第六十八章铁一样的家规(第5页)
他们的欣欣然得意,更衬出宇文家门庭的萧条,和宇文九房的荣耀。
宇文永华等过第三回堂的那天,郭公公上门宣旨,命文天重回刑部,担当宇文永华一案的主审。
……
云刘氏彻彻底底的迷茫,外面的消息经由仆从、经由亲戚们,纷纷到她的耳中,弄得她白天想夜里想,觉也睡不好,眼睛很快塌下去,也没有想出头绪。
由丈夫作主,给儿子定了一门还算门当户对的亲事。
但一进京,什么都变了。
原本是丈夫衙门里的书办先生,摇身一变,成了刑部尚书,据说这官职是太上皇许给他。
摇身一变,成了宇文家的长公子。
摇身一变,成了断送家中一大批官员的人。
大家宴那天她不在,她又不出大门,能听到的全是文天父女嚣张猖狂,回来谋取宇文家的家业。
亲戚们中冷言冷语出来:“十几年前为了女人私奔出京,不然能怎么样?他在宇文家的名头如日中天呢,换成谁舍得走?云祝媳妇,你眼力界儿高,寻到一个好亲家。

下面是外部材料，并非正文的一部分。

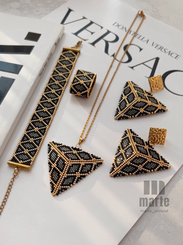 الهام گرفته از زنان اصیل و باوقاری که درخشششان آرام اما نافذ است. طرح هندسی و منجوق های طلایی و مشکی، تضادی خیره کننده می سازند که هر نگاهی را به خود جذب می کند. زلیخا نماد شکوه کلاسیک در دنیای مدرن است.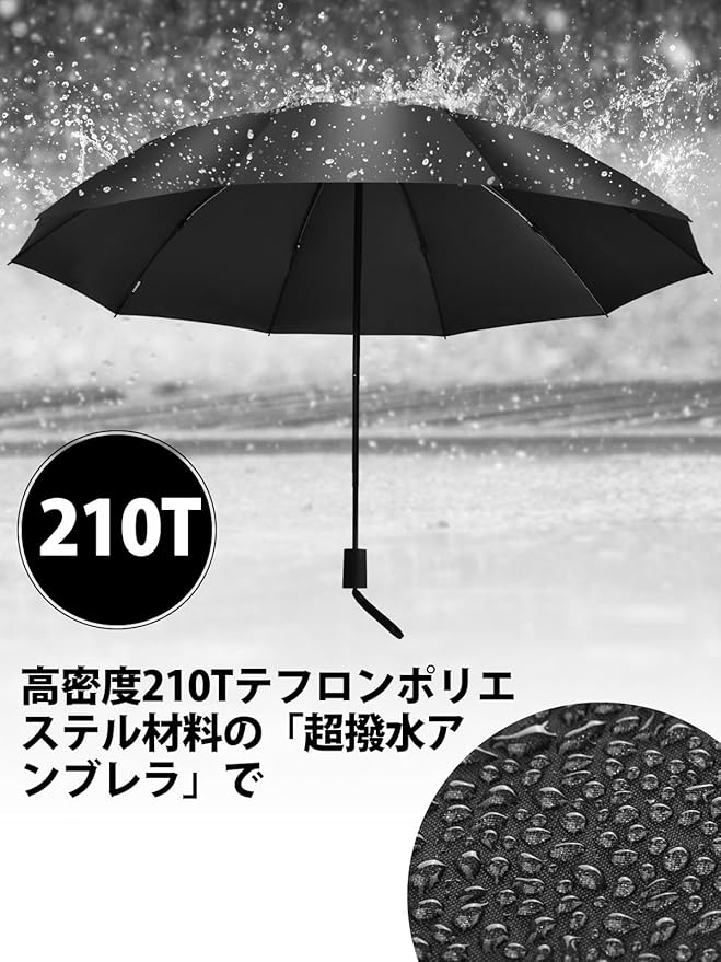 【超撥水性の逆折り式折畳み傘】:折りたたむ際に濡れた面が内側になる逆さ傘折り畳み方式を採用。高密度ポリエステル生地にフッ素加工を施し、雨滴が玉状にはじける特性を活かし、閉傘後3回軽く振るだけで水滴を除去可能。車内や人混みでも傘の外側が乾いた面になるため、周囲を濡らしにくい折りたたみ傘です。210T超撥水ナイロン生地:水玉が5秒で転落する速乾性能,傘を閉じたまま電車移動も水滴が気にならない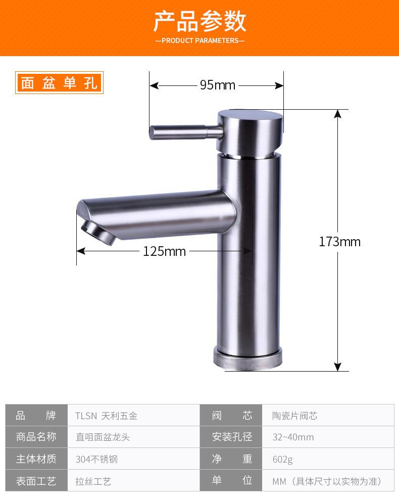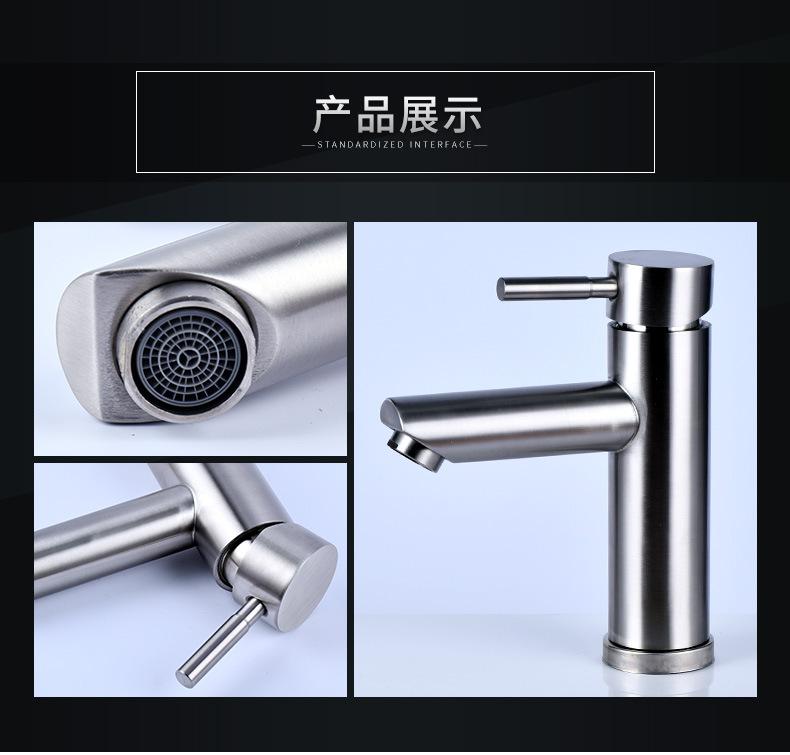 Compra Grifo de lavabo de acero inoxidable 304 al por mayor de fábrica, grifo de lavabo de boca recta de un solo agujero con válvula mezcladora de agua fría y caliente al por mayor en Joom.pro

难怪你房里没有妾,这一手儿跟亲家母学的吧?不是狐婿子,能系得宇文天走的头也不回。
十几年没生下儿子,仗不成儿子回家逞威,就让丈夫同自家兄弟争斗。
这倒好,倒了一批的人,独他升了官职。
云祝是多有福气,能把个尚书人材儿当书办用。”
女眷们的小天地,往往就那么大。
云刘氏又不是手段高的,也不是娘家在京里,另有消息来源的人。
她眼前是婆家人,听的是婆家话。
包含嫉妒、泄愤的话,每天折磨着她。
头一天听,她问丈夫:“你对亲家说说,脸面儿要紧,让他不要逼迫自家兄弟吧。”
云祝严厉斥责她,不许她相信这些话。
一个人面对全家大部分的人,云刘氏想不听也不行。
和丈夫说不通,她又去问儿子:“浩然,这些话多难听啊。
还有你岳父,他为什么不要家,却又回来争?”
云浩然比云祝温和的多,也相对体谅母亲在家里听话。
他劝道:“这三月里了,下个月殿试,再领过官职咱们就走了。
左耳朵进,右耳朵出吧。
他们胡说呢。”
他又看书去了,近来让郭公公隔一天或连续几天来看望的“骚扰”
,余下的钟点,云浩然争分夺秒。
云刘氏独自去坐,对儿子的话不满增加。
她是小城里的人,是云祝放过外官后,在任上定亲任上迎娶。
民女嫁官,因此对云祝百依百顺,不敢违抗一件半件。
这不代表云刘氏没有自己的心思,只是以前没有值得流露自己心思的大事。
她的独子,是她眼珠子一样的人儿,又是整个云家唯一中举的人,对云刘氏来说,这是大事。
一层层不如意,渐渐的化成一层层的对抗。
初进京,云刘氏把云家当成大家,在她眼里确实是。
她没有娘家为依靠,但婆家人多,可以当儿子的依靠。
为什么要离京呢?
虽然这是进京前早就说好的。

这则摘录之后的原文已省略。